# How to Train Tipplers to FLY



## sriki (Jul 11, 2010)

I brought a pair of tipplers (Indian Tumblers/Girebaz) with wings clipped. They are around 2 yrs old. Even after the feathers are fully grown they don't bother to fly. Currently they are sitting on eggs. However even before laying the eggs they had no desire to fly. I was putting the pair on the roof top expecting that they would fly. But they were just sitting the whole day on the roof top until I call them for food. After food they used to go to their loft.

I brought them from my friend, according to him they flew for aroung 5-7 hours a few months ago. But now they are not interested to fly. I have a lot of desire to see them in the sky, but haven't got a chance till date.

My feeding pattern is also fine. I feed twice a day - Light feed in the morning and enough feed in the evening. I have whistle trained them successfully so that whenever I blow the whistle, they come readily for food.

I have tried hand tossing them by throwing them high, but all they do is just fly down to the ground without even making a few circles around the loft. 

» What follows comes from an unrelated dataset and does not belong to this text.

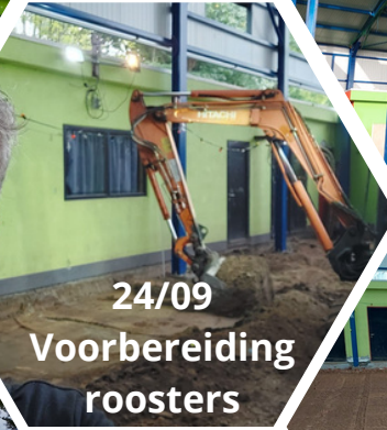
24/09 Voorbereiding roosters

I am in doubt whether I should fly them single (by breaking the pair) or what. How to make them get back their flying tendency? Some people advice me only to fly the young ones and not this old pair. What shall I do now to make them fly and stay in air atleast for a few hours.


----------



## JT (Mar 25, 2009)

It could be that your birds are out of shape (too fat at the moment).


----------



## sriki (Jul 11, 2010)

smoqa said:


> It could be that your birds are out of shape (too fat at the moment).


No, they are medium size. Not too fat.


----------



## RodSD (Oct 24, 2008)

Birds breeding don't like to fly. If they are moulting, they don't like to fly either. And if they are not conditioned as smoqa, they don't like to fly, too. And if they are not healthy, they don't like to fly as well. There are several articles from this site about flying tipplers:
http://www.tipplers.com/info/


----------



## Chilangz (Apr 3, 2008)

your birds will not have any enthusiasm to fly as they are sitting on eggs. Their basic instinct is to rare their off spring rather than to fly.


----------